そこで初めて、「あるがまま」であることの難しさを痛感する。人は、生きていく中で社会に適応していくために自分をコントロールする術を学んでいく。コントロールすると言うと聞こえは良い。しかし、人によっては自己犠牲を過度に行い自分を押し殺してしまう人、感情を感じないようにロボット化する人、そんな人が現代には多く存在しているのでは、と時たま通りすがる人々の生気のない眼を見て感じる。生きていくためには、我慢しなくてはならない場面がたしかにある。自分の立ち位置も変化し、負う責任も大きくなってくる。我慢、我慢の日々。否応に、自分とは異なる「あるがまま」な存在に目がいく。
例えば、空気が読めない人は「KYな人」とレッテルを貼られてダメな人間であるとイメージが作られているが、実はそこに自分の意見をはっきり言える「あるがまま」な存在への強い憧れが潜んでいるように思えてならない。本当は自分もそうしたい。だが、そんなことしたら生きていけない、今の我慢している自分を否定してしまうことになってしまう。変な仲間意識のようなものが芽生え、無意識の集団意識がその空間を埋め尽くし、自分と違うものを排除しようとし始める。自己防衛だ。
憧れは嫉妬となり、そうはなれない自分と比較して不満となり、やがてその不満は怒りに変化し、憧れの対象へと向かう。愛しているが故に、その怒りのボルテージは激しさを増し、対象を激しく傷つける。
「ショックヘッド・ピーター」は、こどもたちに向けた過激でショッキングな物語という枠をとび越えて、観るものの内面を揺さぶってくる。今回とりあげたコンラッドのエピソードだけでなく、各登場人物のエピソードに共通することは「あるがまま」に在るものへの我慢からくる怒りの行為(=大人のしつけ)の辿る末路だ。

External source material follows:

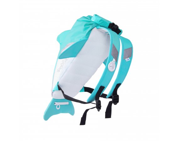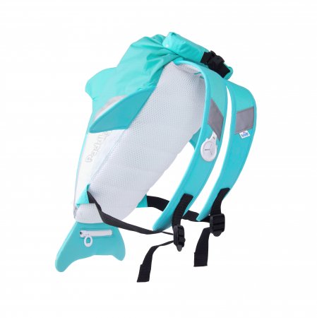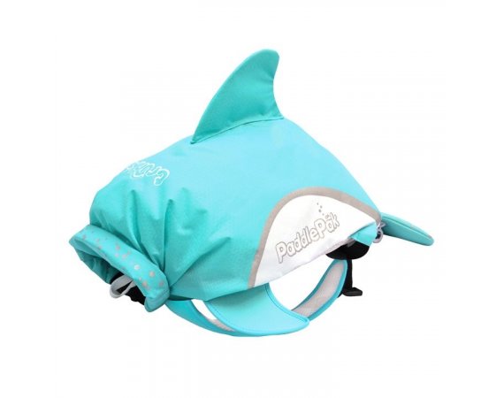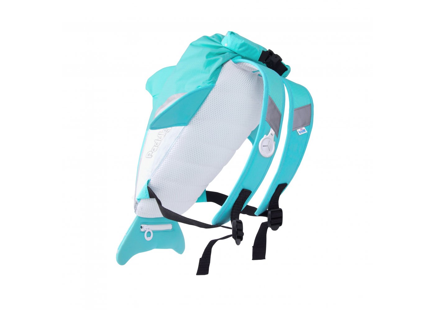 Smart och praktisk ryggsäck i turkosblå med delfinfena från PaddlePak.Ryggsäck med justerbara remmar, vaddering i ryggen och tillverkad av vattenavvisande lättviktigt material. Ryggsäcken har en vikbar förslutning som gör den helt tät och motståndskraftig mot väder och vind. Ryggsäcken har fina reflexer och en ficka till småsaker.
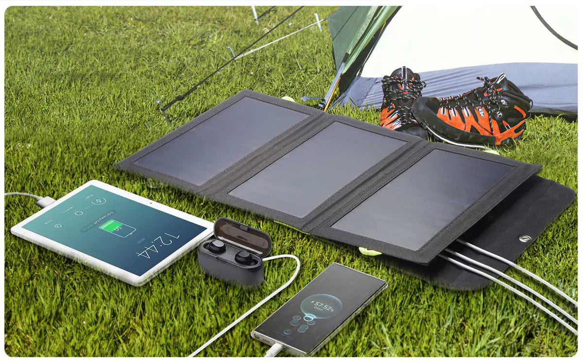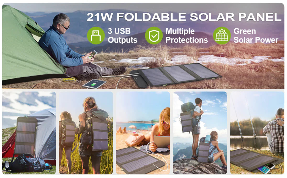 Com uma elevada capacidade de 10.000 mAh, o painel solar pode ser utilizado como carregador portátil. Em caso de falha de energia, pode recarregar com energia solar ou carregador de parede (existe uma microporta de entrada), ideal para uma viagem de uma semana.

しつけは大切。だが、その行為をするにあたって親の心にこどもへの慈しみではなく、嫉妬や怒りの感情が多くを占めているとき、一度立ち止まって深く深呼吸をしよう。自分を責める必要はない。自分自身の心と向き合い、許すことが出来たなら、可愛い我が子を愛する気持ちが蘇ってくるはずだ。